I'm running the 65's -- basically the opti6c component set, but instead of the OptiTW tweeters I'm using the TCS's.

They're amplified by a Zed Opti100.4, bridged and DMM set for 180x2.
I really like them even though I haven't done much to improve the door panel mounting location. They can definitely handle some power. Actually I just got a new Opti4x400d I'm going to be installing soon. It's supposed to do 100x4 and 360x2 bridged. I plan to set it at 250x2.


























and for good measure


----------



## releasedtruth (Feb 1, 2009)

Wow, definitely better looking than I would have expected


----------



## releasedtruth (Feb 1, 2009)

Anyone else have any reports on these? You know you're a bit sick when you have no need beyond pure curiosity, but I may do it.


----------



## sqshoestring (Jun 19, 2007)

Keep this thread going, I would be very interested in these if I needed a 6.5. Right now I'm going to try to go larger when I dig into it but it may not work out. Note the mid (midbass?) for the white ones (it looks the same) is available as a bare 6.5 midbass pair for $40 IIRC.


----------



## releasedtruth (Feb 1, 2009)

Looks like you're right. I've seen them for at least $58 if not less for the mids. I'm thinking about replacing one half of my setup with the OPTI6C just for kicks. Do a detailed review, then sell if inferior.

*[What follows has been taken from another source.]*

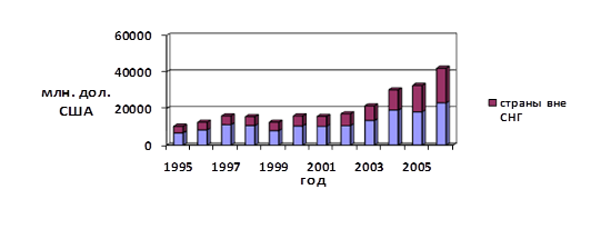Что касается торговли со странами СНГ и остальным миром, то здесь мы видим, что страны СНГ занимают лидирующее положение и практически в течение всего рассматриваемого периода их доля составляла до 67%. Но за последние два года ситуация изменилась, удельный вес этих стран практически сравнялся с удельным весом остальных стран и уже в 2006 г. составлял 55%.

Now how they compare to my ID OEMs and Seas Neo, no clue. Not a big fan of the Neos so far, but the OEMs are damn nice.


----------



## sqshoestring (Jun 19, 2007)

I bought once from this place no problem, the shipping drops if you buy quantity. Lanzar (OPTI64) One Pair 6.5'' Mid-Bass Driver


----------



## AAAAAAA (Oct 5, 2007)

If you are going to buy anything lanzar, I highly suggest qualitycaraudio.com.
They are essentially lanzar direct. They will match any price.

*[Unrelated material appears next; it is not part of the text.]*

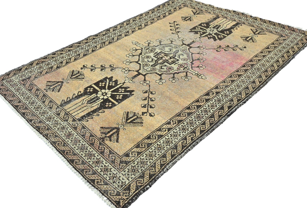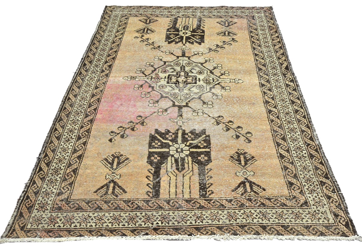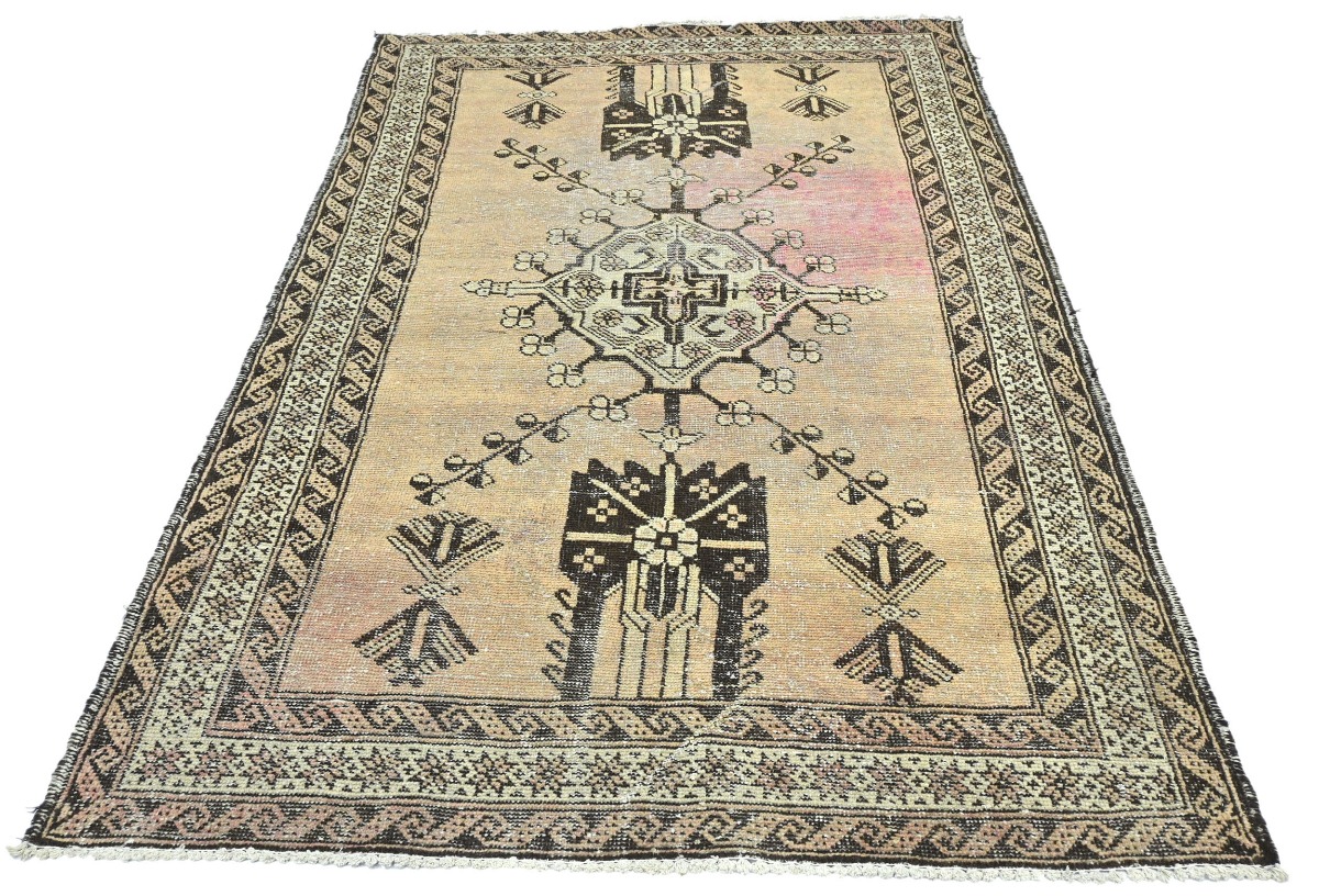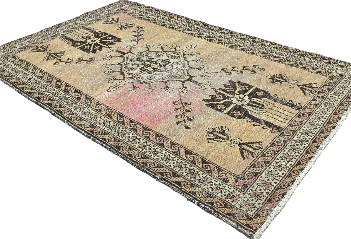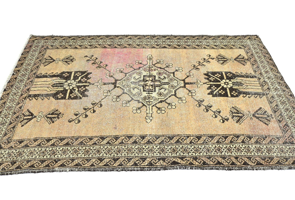 Antique Muted Beige Tribal 4'2X6'5 Distressed Vintage Oriental Rug

The web site looks crap and if you call you might think to yourself that it's not all that profesionnal but this place is all about customer satisfaction. If you don't like it, you can return it within 30days no questions asked. That place is 100%.


----------



## Mless5 (Aug 21, 2006)

AAAAAAA said:


> If you are going to buy anything lanzar, I highly suggest qualitycaraudio.com.
> They are essentially lanzar direct. They will match any price.
> 
> The web site looks crap and if you call you might think to yourself that it's not all that profesionnal but this place is all about customer satisfaction. If you don't like it, you can return it within 30days no questions asked. That place is 100%.



I don't see any components by Lanzar on their website.


----------



## AAAAAAA (Oct 5, 2007)

Hope the link works.

Optidrive 700 Watt 6.5'' Component System - OPTI6C - Lanzar - Quality Audio Inc.


----------



## releasedtruth (Feb 1, 2009)

The OPTI64 are not the same as the OPTI65 mids, hence the price differential. And that site listed 'Quality car audio' doesn't list these components anyway. Here's an example of the OPTI65s

Lanzar One Pair 6.5'' Mid-Bass Driver OPTI65 | Midrange Speakers | Midbass | eMazingAudio.com


----------



## AAAAAAA (Oct 5, 2007)

sorry

Optidrive 6.5'' Mid-Bass Drivers - OPTI65 - Lanzar - Quality Audio Inc.


----------



## JRJOMO (May 29, 2009)

Those are really nice looking


----------



## n2audio (Dec 28, 2007)

I just got my opti4x400d installed to run my 6c's. 250x2 rms (an increase from 180) and those opti65's seriously came to life.

I can't imagine a better 6.5 driver for the price.


----------